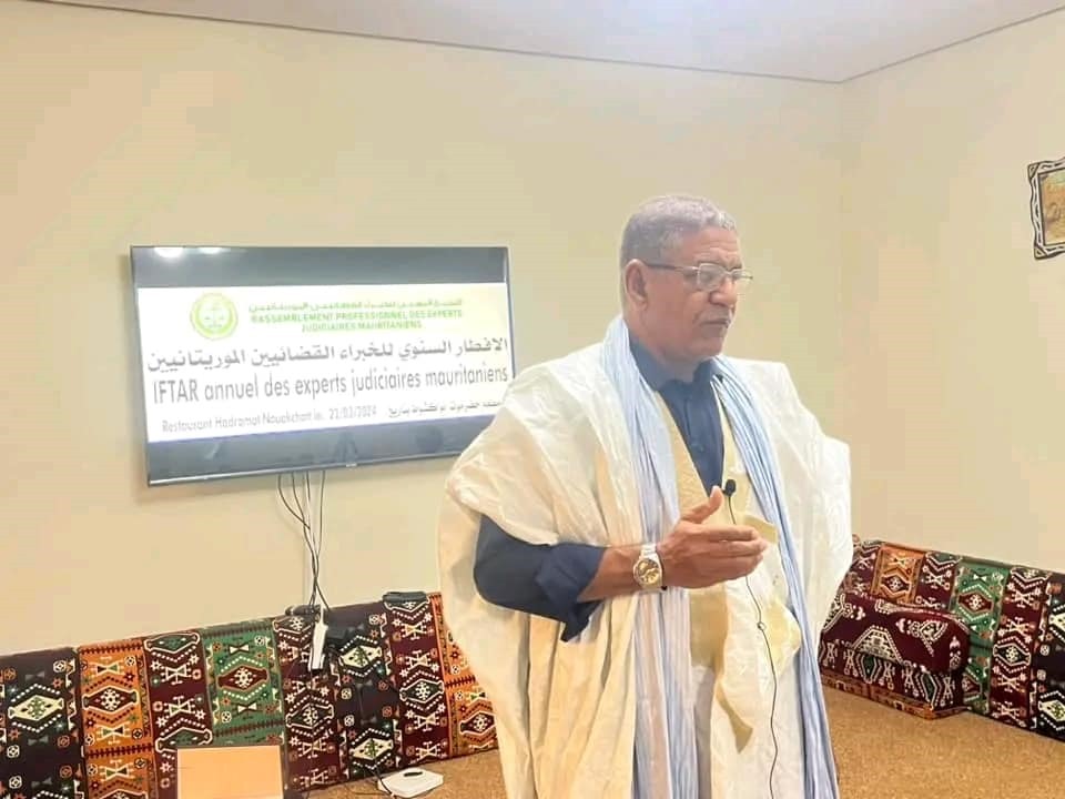 نظم التجمع المهني للخبراء القضائيين الموريتانيين إفطارهم السنوي للعام 2024، وحضر الإفطار الأمين العام لاتحاد عمال موريتانيا الوزير السابق الكوري ولد عبد المولى ونقيب الصحفيين الموريتانيين وأعضاء المكتب التنفيذي وعدد من الخبراء القضائيين الموريتانيين من ضمنهم العميد إبراهيم ولد الزبير والعميد إبراهيما سيديكى وكذلك العميد محمد ولد التومي.
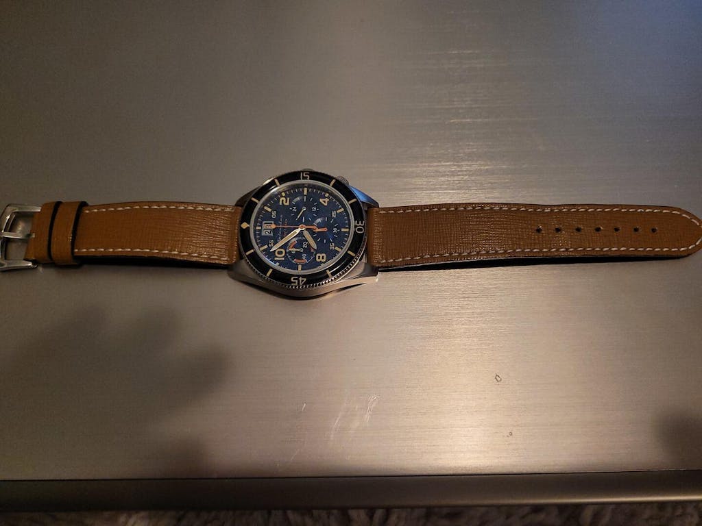 Il Saffiano marrone scuro con cuciture discrete funziona per orologi sportivi?
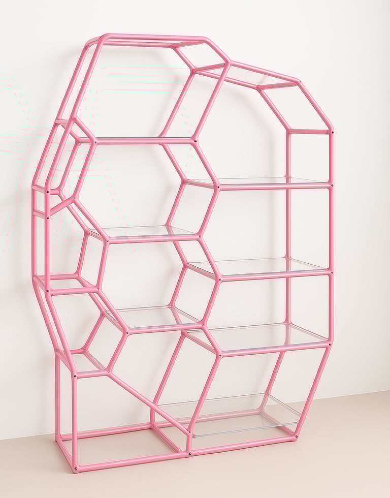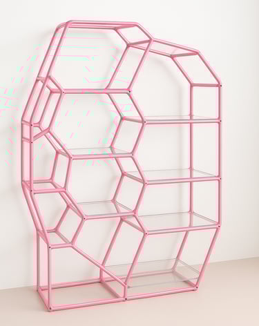 Lúdica, escultórica y orgánica, esta estantería transforma un objeto cotidiano en una pieza con identidad propia. Su estructura metálica, inspirada en patrones geométricos irregulares, dibuja una retícula tridimensional que recuerda a formaciones naturales, rompiendo con la rigidez de las estanterías convencionales.

What is required:
Set down again, exactly, the lines of the material above from its first line to the one with "Il Saffiano marrone", inclusive. Leave the pictures out.

Task output:
 نظم التجمع المهني للخبراء القضائيين الموريتانيين إفطارهم السنوي للعام 2024، وحضر الإفطار الأمين العام لاتحاد عمال موريتانيا الوزير السابق الكوري ولد عبد المولى ونقيب الصحفيين الموريتانيين وأعضاء المكتب التنفيذي وعدد من الخبراء القضائيين الموريتانيين من ضمنهم العميد إبراهيم ولد الزبير والعميد إبراهيما سيديكى وكذلك العميد محمد ولد التومي.
 Il Saffiano marrone scuro con cuciture discrete funziona per orologi sportivi?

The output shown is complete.